WHAT: A two-day convening of teams of city officials and local partners to learn about opportunities to engage in and lead juvenile justice reform efforts, to take place in September 2015.
Despite substantial decreases in juvenile crime rates during the past decade, the nation’s juvenile justice systems remain in great need of fundamental reforms. For example, the availability of high-quality, community-based alternatives to incarceration for youth and supports for reentry is uneven and racial and ethnic disparities within the juvenile justice system are unacceptably large. A number of states and local jurisdictions have made significant progress in improving these systems, relying on evidence-based models that hold youth accountable for their actions in developmentally appropriate ways. In some states, local governments – including cities – have assumed greater responsibility for community-based treatment, diversion programs, and re-entry. These promising developments provide the basis for new and expanded city-led efforts to improve outcomes for young people and communities across the nation.
The Models for Change
initiative of the John D. and Catherine T. MacArthur Foundation is playing a key role in reshaping the juvenile justice system, grounded in core principles
of fundamental fairness; developmental differences between youth and adults; individual strengths and needs; youth potential; responsibility; and safety. Models for Change has supported counties and states in reforming the way they treat young people who are charged with crimes. Local officials say that Models for Change has helped them improve public safety and support youth, even as they grapple with tight budgets and tough fiscal decisions.
Mayors and other city officials have unique opportunities to drive further improvements in their local juvenile justice systems. Municipal leaders and their community-based and faith-based partners can explore new roles and resources in collaboration with the courts and juvenile probation. City agencies (particularly in consolidated city/county governments) may also stand to benefit financially from the adoption of promising juvenile justice reinvestment strategies.

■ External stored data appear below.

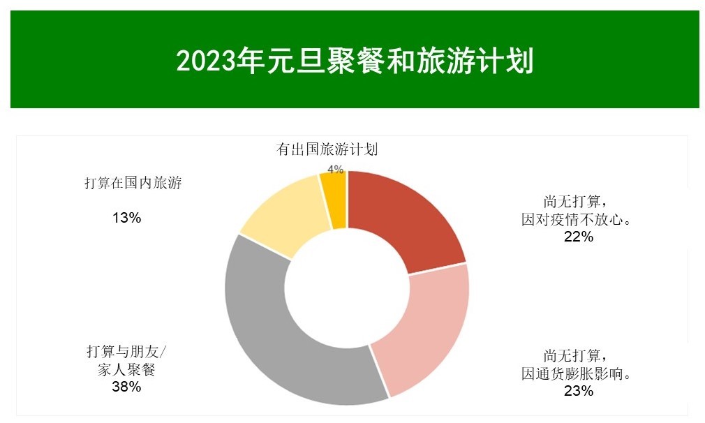由于今年新冠肺炎疫情比去年同期明显缓和,开泰研究中心对居民家庭2023 年元旦期间聚餐和旅游计划进行了补充调查。调查结果显示,38%的受访居民家庭有与朋友/家人聚餐的打算;23%的受访居民家庭因支出居高不下而不打算聚会;另有22% 的受访居民家庭因对疫情不放心也不打算聚会。此外,计划外出旅游的受访居民家庭占55%,其中78%计划在国内旅游,22%计划出国旅游。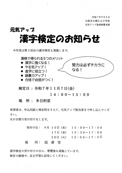 元気アップ学習会より、漢字検定実施のお知らせです。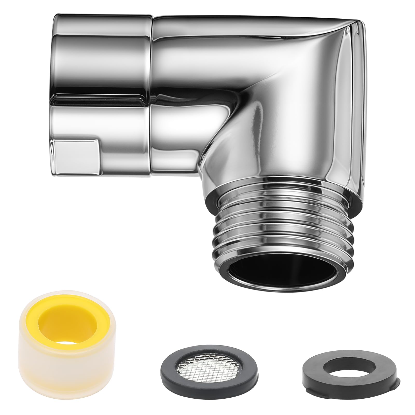 Endlich besser duschen! Dieser Duschkopf-Adapter aus Kupfer bringt deine Dusche aufs nächste Level. Mit verstellbaren Winkeln: 90 Grad und 135 Grad - so findest du immer die perfekte Position. Aus einem Stück gegossen und bruchsicher, das Teil hält echt was aus! Die industrielle Verchromung schützt vor Rost und Korrosion. Einfach zu installieren: Dichtungsring rein, drehen - fertig! Dauert nur wenige Minuten. Der universelle 1/2\ Anschluss passt an die meisten Duschköpfe, Duschschläuche und Brausen. So kannst du den Wasserstrahl genau da hin richten wo du ihn brauchst. Besonders praktisch bei niedrigen Duschköpfen oder um die Reichweite zu vergrößern. Die verstärkte Konstruktion verhindert Undichtigkeiten - kein tropfen mehr! Einfach ein game-changer für dein Badezimmer. Ob für die Regendusche oder Handbrause - mit diesem Adapter machst du nichts verkehrt!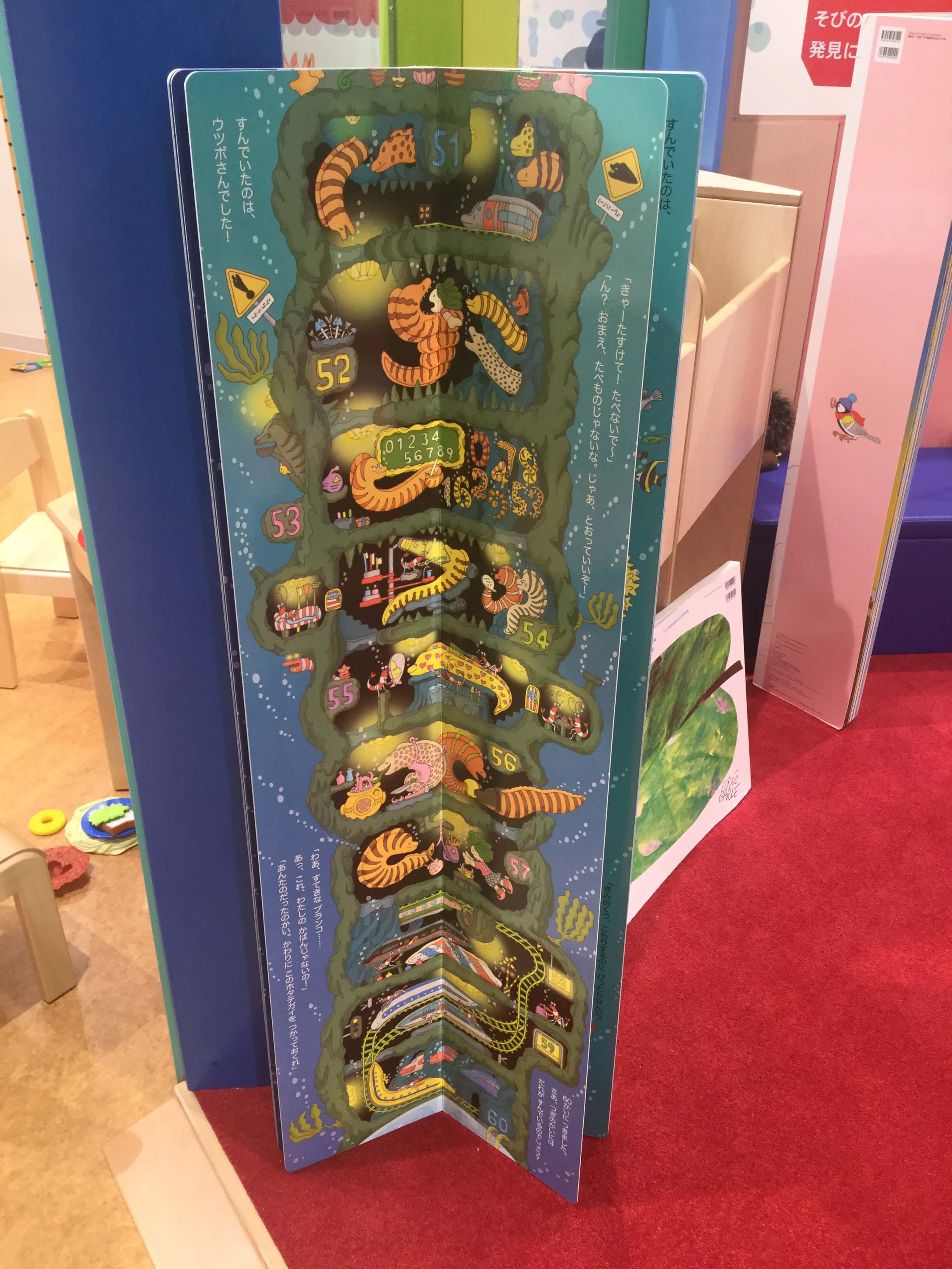 こんな大型絵本があり楽しめます。ちょっと大きさが分かりにくい写真ですみません…こちらは人気の「100かいだてのいえ」シリーズの大型絵本です。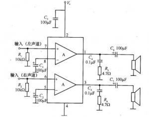 R1 and R2 are input bias resistors, C1 and C2 are grounding capacitors at the negative feedback terminal, C6 and C7 are output coupling capacitors, R3, C4 and R4, and C5 are high-order harmonic suppression circuits to prevent circuit oscillation.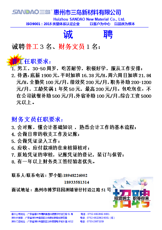 普工、财务文员!

As part of a strategic partnership with the John D. and Catherine T. MacArthur Foundation, the National League of Cities (NLC) Institute for Youth, Education, and Families will host a Municipal Leadership for Juvenile Justice Reform Leadership Academy
on September 23-25, 2015
. This convening will provide city officials with the skills and knowledge they need to consider and take up leadership roles in juvenile justice reform, giving participants intensive access to national experts, promising practice examples, peer sharing, and local action planning.
WHERE: The Marriott-Renaissance Depot Hotel, Minneapolis, Minn.
WHO: City elected officials, senior city staff and other community or juvenile justice system stakeholders applying in city teams of up to three persons each.
NLC will select teams up to 10 cities to attend the leadership academy. Each city may nominate a team of up to three representatives that must include at least one of the following individuals: the mayor; a city council member; or a senior representative of the mayor’s or city manager’s office. Other team members may include but are not limited to: senior representatives of city agencies including police departments; juvenile court officials including detention or probation officials, prosecutors, public defenders, or judges; and community-based service providers implementing programs for youth at-risk of involvement or youth currently involved in the juvenile justice system.
NLC will select, on a competitive basis, a diverse set of cities of various sizes from different regions of the country to participate in the leadership academy. Preference will be given to cities that are members in good standing of NLC. NLC will use selection criteria that include evidence of high-level municipal leadership and commitment to improving outcomes for youth involved in the juvenile justice system, collaboration among relevant city, county and state agencies, and a clear indication of how the leadership academy can catalyze local efforts.
WHEN: The leadership academy will take place on September 23-25, 2015, beginning with an opening dinner and program on Wednesday evening and concluding with lunch on Friday. Interested cities must submit applications via e-mail (see instructions below) on or before July 15, 2015. We encourage early applications. NLC will announce all selections by July 29, 2015.
BENEFITS: Selected city teams will learn about best practices and lessons learned from the Models for Change initiative; explore successful efforts to improve juvenile justice initiatives in cities across the country, especially through diversion and re-entry initiatives and efforts to eliminate racial and ethnic disparities; gain access to and guidance from juvenile justice experts; and strengthen their relationships with peers in cities across the nation.
Following the Leadership Academy, NLC will invite participating cities to join the NLC Juvenile Justice Peer Learning Network, s group that provides ongoing opportunities for city leaders to learn and receive support from nationally-recognized experts in the field and from peers in other cities.
TRAVEL: NLC will reimburse participants for airline travel (up to a maximum of $500) as well as hotel and other travel-related costs in accordance with NLC’s travel reimbursement policies. Meeting participants will receive reimbursements promptly upon submission of travel receipts following the convening.